An interface is essentially an abstract class which includes only constants and abstract methods. In other words, an interface declares functionality, but leaves the implementation to classes which implement the interface. We can think of interfaces as contracts: a class which implements an interface must provide the functionality exactly as it is declared in the interface.


An enum is a special kind of class, which includes in its definition the definition of a static set of class instances. It is used to implement type-safe sets of enumerated constant values. Further discussion of the enum is beyond the scope of this document.


In general, a package is as a collection of compiled classes and interfaces, organized within a namespace. However, this organization may not necessarily be physical: collections can consist of multiple compiled .class files and/or multiple .jar archives, and the contents of a .jar archive can include multiple packages — in their entirety, or in part.

In practice, the namespace of a package usually maps to the hierarchical directory structure of a filesystem (which may be within a .jar archive). For example, if the Java compiler (or Java executive) encounters the statement import org.nm.challenge.examples.Dice;, it will look for the Dice class in the org/nm/challenge/examples subdirectory (if it exists) of the current directory. (If it does not find the class using the current directory as a base directory, the compiler will iterate through the directories in the current Java classpath, using each one as a base directory in searching for the org/nm/challenge/examples subdirectory and the Dice class.)


A method is a named statement block, defined within a class (it may be declared, but not implemented, in an interface or an abstract class; it may also be declared abstract — and thus not implemented — even in a class which isn't abstract). In general, methods make up the behavior of a class: a method may return information about an instance of the class (or the class as a whole); it may modify the data of a class instance (or static data associated with the entire class); it may use the instance or class data to invoke methods in other classes; etc.

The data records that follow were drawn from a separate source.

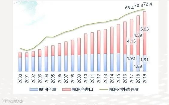 “油气供给受制于人”成为了悬在中国能源界头上的“达摩克利斯之剑”:2019年中国原油、天然气进口量分别为5亿吨和1333亿立方米,对外依存度分别达到 72%和43%。
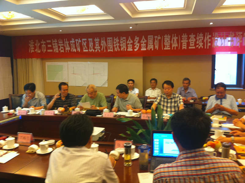 评审组首先听取了汪青松同志关于《淮北市三铺岩体成矿区及其外围铁、铜、金多金属矿整装勘查续作设计书》的汇报,专家组经过审议后一致通过该续作设计方案,并提出了较好的修改意见。省国土厅地勘处副处长王书远在总结发言中对《淮北市三铺岩体成矿区及其外围铁、铜、金多金属矿整装勘查》前期地质找矿成果给予了充分肯定,同时对此次续作设计工作思路、施工方案给予了较好评价,并对本项目整装勘查区登记的10个探矿权工作进行全面部署,要求分批提交成果报告,对有资源量的矿权应独立编制报告优先提交,其它矿权区纳入总报告编写最后提交。
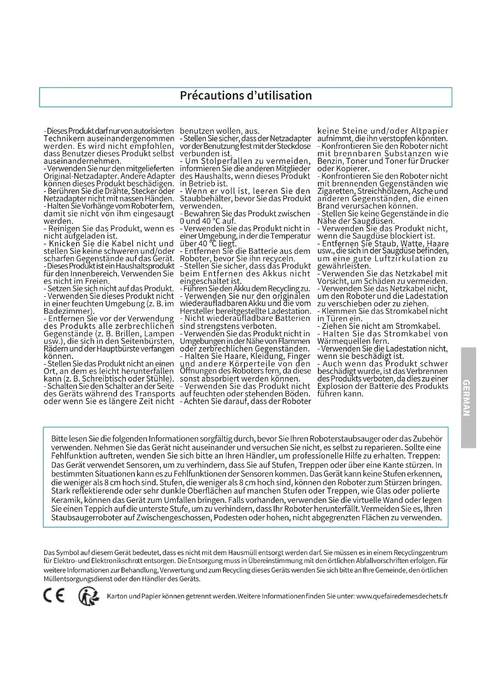 GERMANReinigung starten Die verschiedenen Reinigungsarten : Auto-Modus Der Roboter führt die vorgesehene Reinigung durch, indem er sich automatisch an seine Umgebung anpasst. - Schalten Sie den Hauptschalter ein. Wenn die LED leuchtet, ist der Roboter eingeschaltet. - Drücken Sie dann kurz die Taste am Roboter, auf der Fernbedienung oder aus der App heraus. Fokus-Modus Angepasst an den Boden, auf dem der Schmutz konzentriert ist, reinigt der Roboter den Boden «spiralförmig» und intensiv. - Drücken Sie kurz auf die Taste des Roboters, auf die Taste der Fernbedienung oder aus der App heraus. Rand-Modus Beim Reinigen von Sockelleisten reinigt der Roboter entlang der Wände. - Drücken Sie kurz auf die Taste des Roboters, auf die Taste der Fernbedienung oder aus der App heraus. Manuelle Steuerung Steuern Sie den Roboter manuell mithilfe der Richtungspfeile. - Drücken Sie die Richtungspfeile auf der Fernbedienung oder in der App. Kontrolle der Saugkraft Stellen Sie die Saugkraft entsprechend der verschiedenen Bodenarten ein. - Drücken Sie die Tasten auf der Fernbedienung oder aus der App heraus. Achtung: Die Saugkraft kann nur im Auto-Modus eingestellt werden. Kontrolle des Wasserflusses Stellen Sie die Wassermenge ein. - Drücken Sie die Taste auf der Fernbedienung oder aus der App heraus. Achtung: Der Wasserdurchuss kann nur gesteuert werden, wenn der Mopp auf dem Roboter installiert ist. Reinigung stoppen Wachsamkeit Drücken Sie während des Betriebs des Geräts die Taste «Start/Pause» am Roboter oder die Pausentaste auf der Fernbedienung oder in der App, um den Reinigungsvorgang zu unterbrechen. Start Der Roboter wechselt nach 10 Minuten Inaktivität in den Standby-Modus und alle Anzeigen erlöschen. Verwenden Sie eine beliebige Taste am Roboter oder in der Anwendung, um den Roboter wieder in Betrieb zu nehmen. Ausschalten Sobald das Gerät nicht mehr funktioniert, drücken Sie den Startknopf für einige Sekunden und alle Anzeigen erlöschen. Wenn Sie Ihren Roboter für längere Zeit nicht mehr benutzen möchten, stellen Sie den Schalter auf «O». Wenn Sie ihn regelmäßig verwenden möchten, lassen Sie den Schalter auf «I» stehen, damit er sich richtig auaden kann. GERMANPflege Ihres Geräts Um den Staubbehälter zu reinigen, befolgen Sie die folgenden Anweisungen:
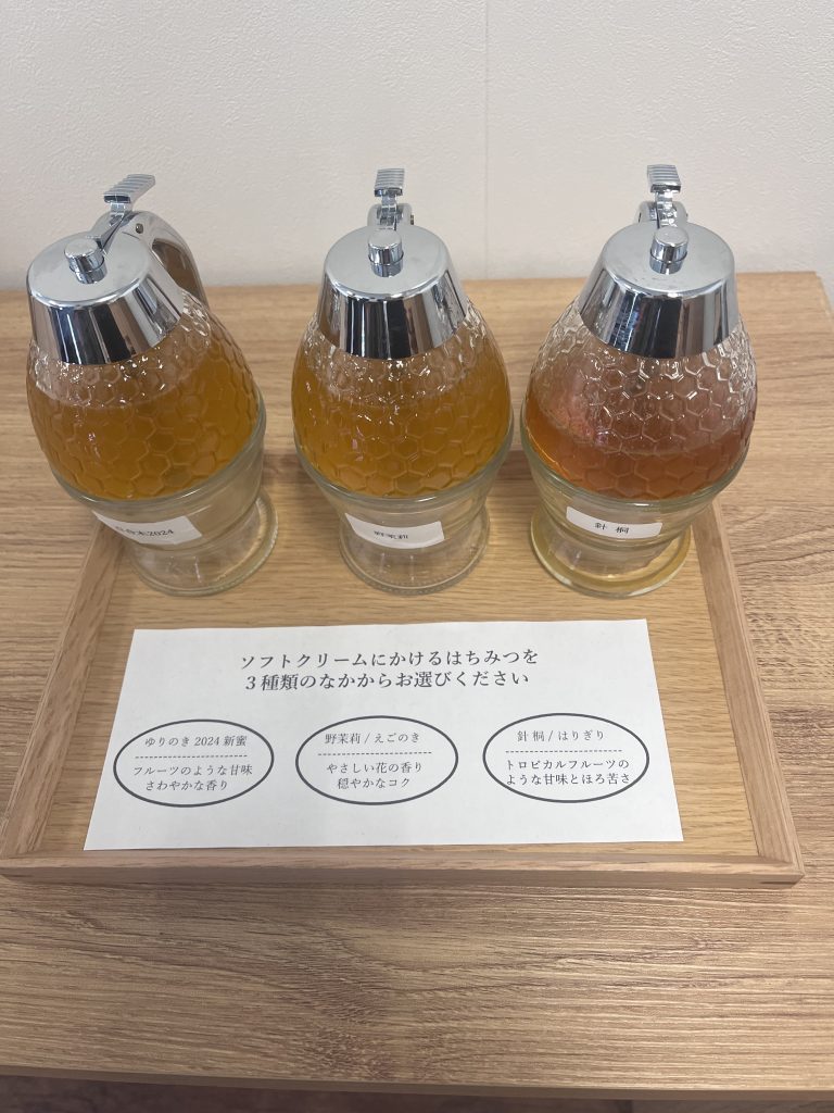 はちみつ直売カフェ 森と蜂と グルメ X Facebook はてブ Pocket LINE コピー 2024.11.18 オーガニック、非加熱、花の香りが生きている新感覚のはちみつを作っている農家さんが経営しているお店。地元の乳牛を使ったソフトクリームにはちみつをトッピング。全国大会でも賞を獲得しているとのこと。秋保でこんなにも美味しいはちみつが獲れるとは知りませんでした。
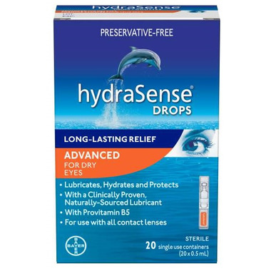 hydraSense Advanced for Dry Eyes provides effective, long-lasting relief for your irritated eyes. It contains Provitamin B5 and the lubricant sodium hyaluronate – clinically proven to hydrate, lubricate and protect your eyes.
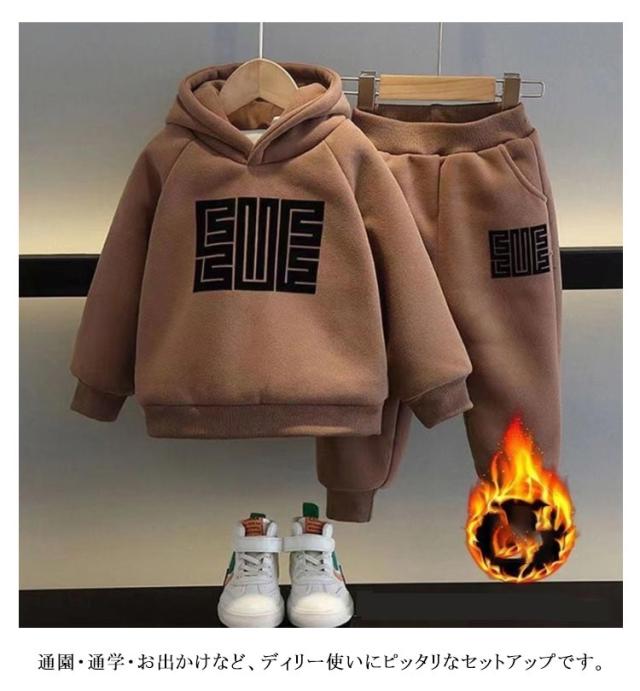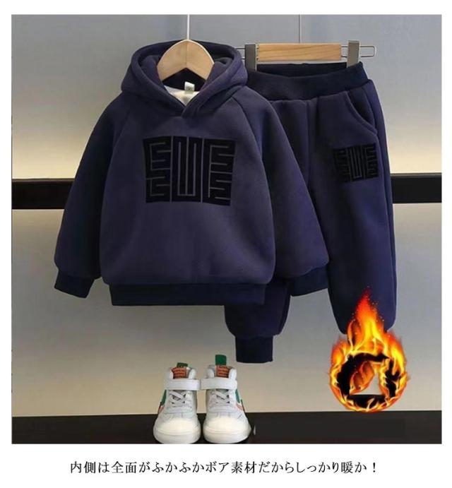 | 120?170cm!極暖裏起毛パーカー&パンツ上下セット 内側は全面がふかふかボア素材だからしっかり暖か! 通園・通学・お出かけなど、ディリー使いにピッタリなセットアップです。 | |
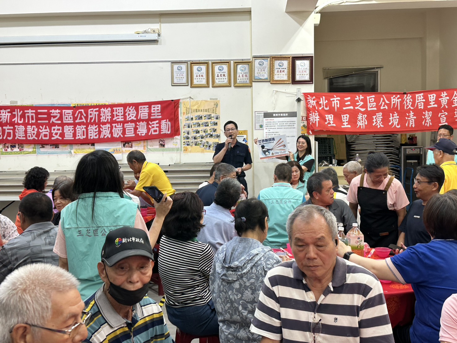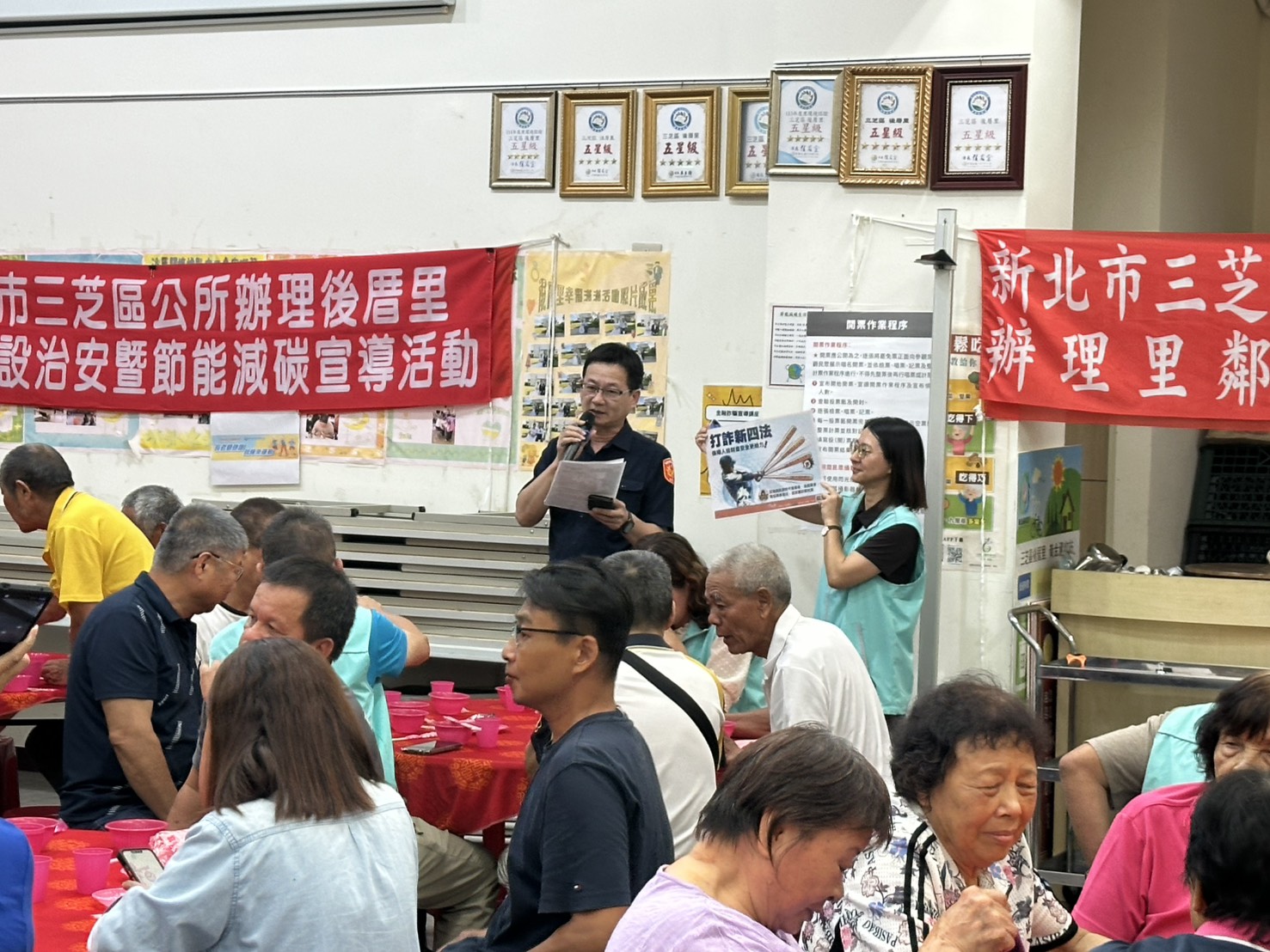 三芝區後厝里於里活動中心辦理治安座談會及慶祝中秋節共餐活動,後厝派出所王信璋副所長偕同仁列席,與後厝里楊秀彥里長及里民共同與會,並舉辦慶祝中秋節共餐活動,期透過活動凝聚居民共識與建立良好關係,討論社區治安、交通問題,會中宣導交通安全、婦幼安全及防詐步驟,提昇居民反詐騙觀念,合力守護社區安全。
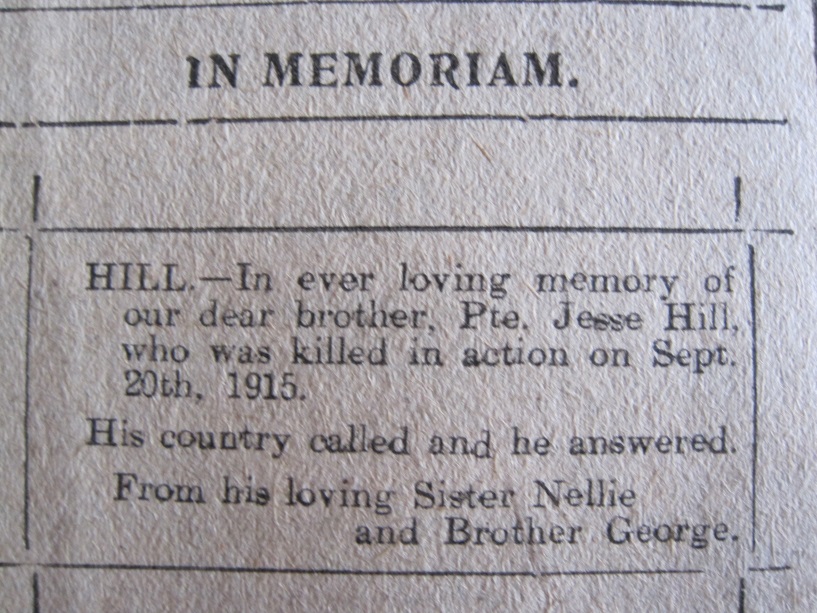 Pte Healey wrote to Jesse’s family and the details appeared in the local papers in mid-October. The newspaper article puts it bluntly as follows:
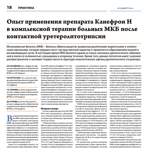Опыт применения препарата Канефрон® Н в комплексной терапии больных МКБ после контактной уретеролитотрипсии
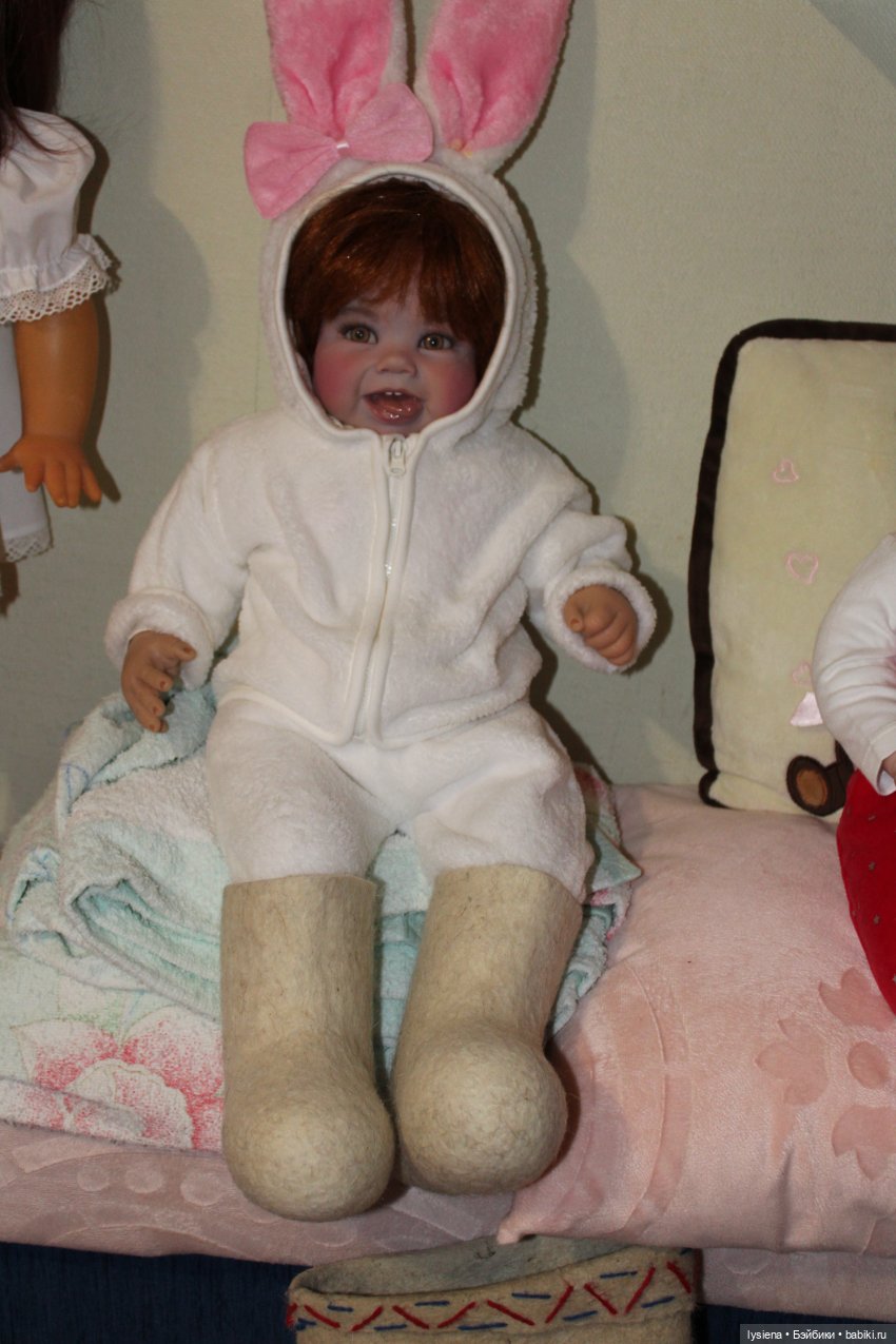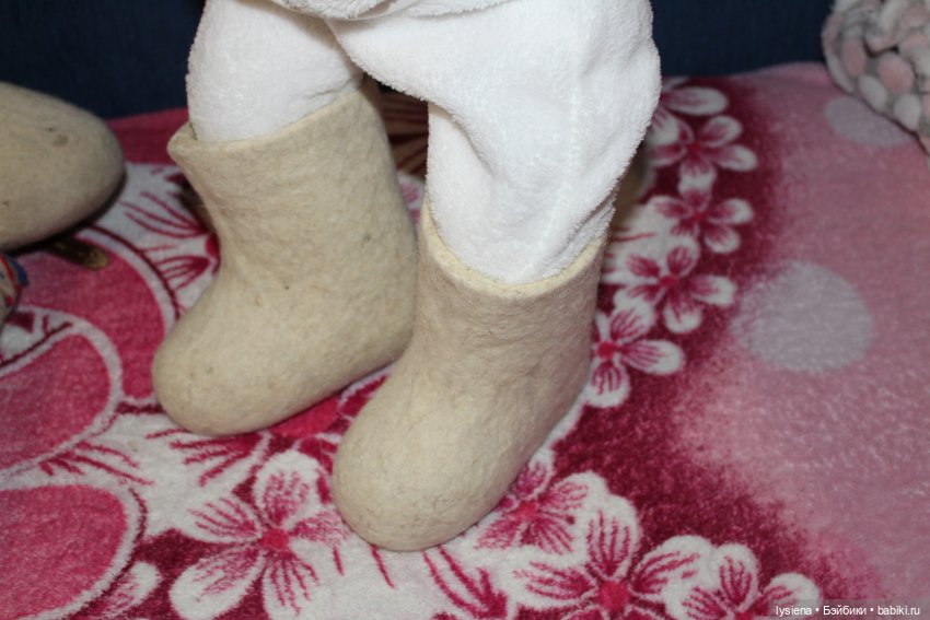 Навалялись очередные валенки на Мию, девочка миляга, люблю с ней играть ))ножка у Мии не простая, валенки надеваются с трудом, пришлось расширить голенище…
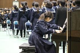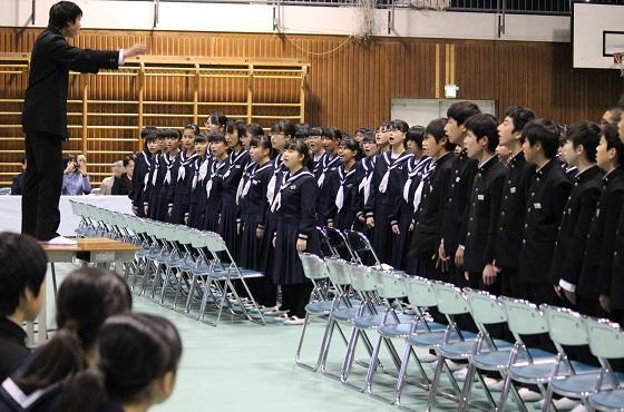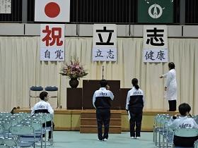 また、代表生徒による「将来の夢」などの作文発表では、来賓・保護者や教師の前で、自分の将来を語る姿に頼もしさを感じました。本年度、初めて行った記念合唱「輝くために」の合唱も素晴らしいものでした。さらに、式典後に行った記念行事でも進行や講師紹介、お礼の言葉まで生徒が立派に運営しました。
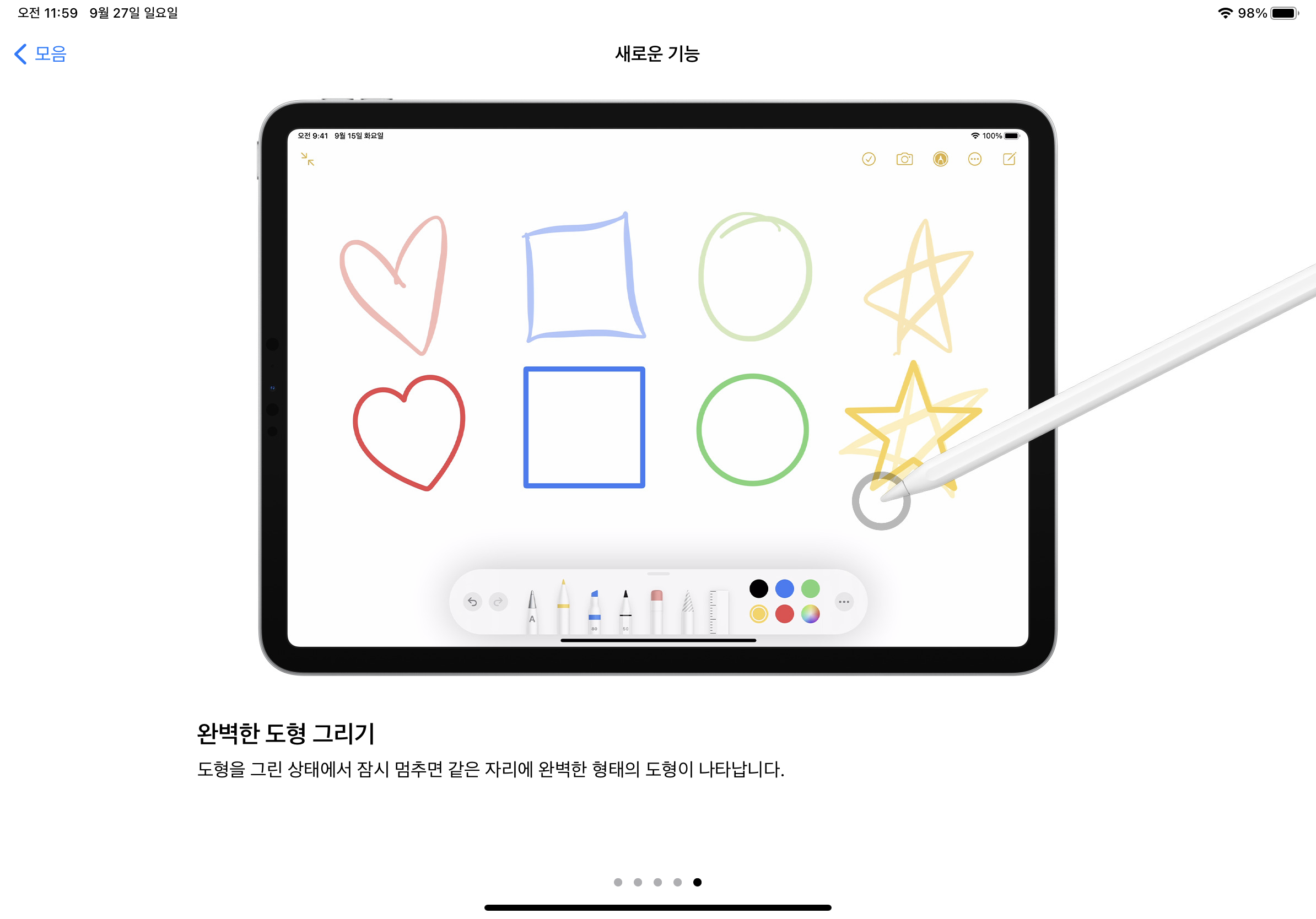 방법은 원하는 도형을 그린 후 팬슬을 떼지 않고 그대로 1초 정도 누르고 있으면 자동으로 원하는 도형을 그려줍니다.
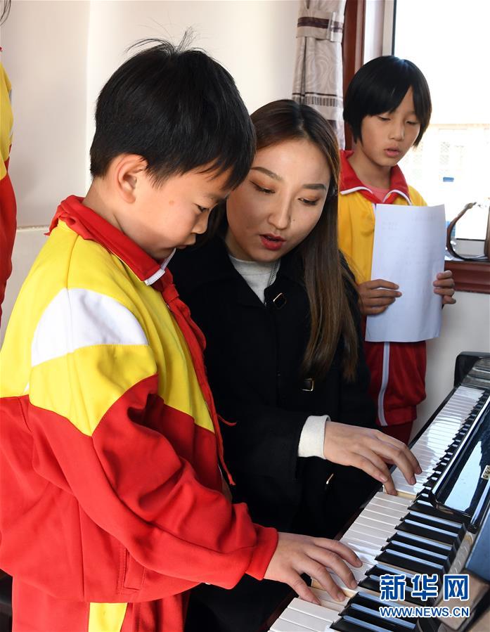 11月13日,在天津市蓟州区尤古庄镇大龙卧中心小学,天津音乐学院声乐系研究生朱哲(中)在教小学生弹琴。 2018年以来,天津音乐学院声乐系对地处偏僻的天津市蓟州区尤古庄镇大龙卧中心小学展开帮扶,捐赠资金帮助该小学建设音乐教室、购置教具,同时每周选派优秀学生和教师到该小学担任音乐老师,为学生开设音乐课,让乡村小学的孩子们感受音乐带来的魅力。 新华社记者 马平 摄

Like a class variable, a method may be declared public, private, or protected, controlling the accessibility of the method from outside the class. Also like a class variable, a method may be declared static, in which case it is associated with the entire class, and does not automatically operate on a single instance of the class. (There are other modifiers which may be used in the declaration of methods, but they are outside the scope of this document.)

A method is declared with a list (which may be empty) of parameters; code invoking a method passes values (in the method call) which match these parameters in type (or which can be promoted to the declared parameter types), and the code of the method refers to these passed values by the names of the declared parameters.

Each method is declared with a return type; in the body of the method, a return statement is used to return a value (of the declared type) to the caller. Alternatively, a method may be declared with a return type of void, in which case no value is returned to the caller, and the return statement is not allowed in the method code.

An example of a method can be found in the class example, above.


Constructors are special statement blocks which are used to instantiate objects of a class; they are generally used to initialize variables, and create/allocate resources (including arrays and other objects) which will be used over the lifetime of the object. Constructors appear similar to methods, but they have the following unique characteristics:

A class may have multiple constructors, distinguished by different numbers and/or types of parameters.

An example of class constructors can be found in the class example, above.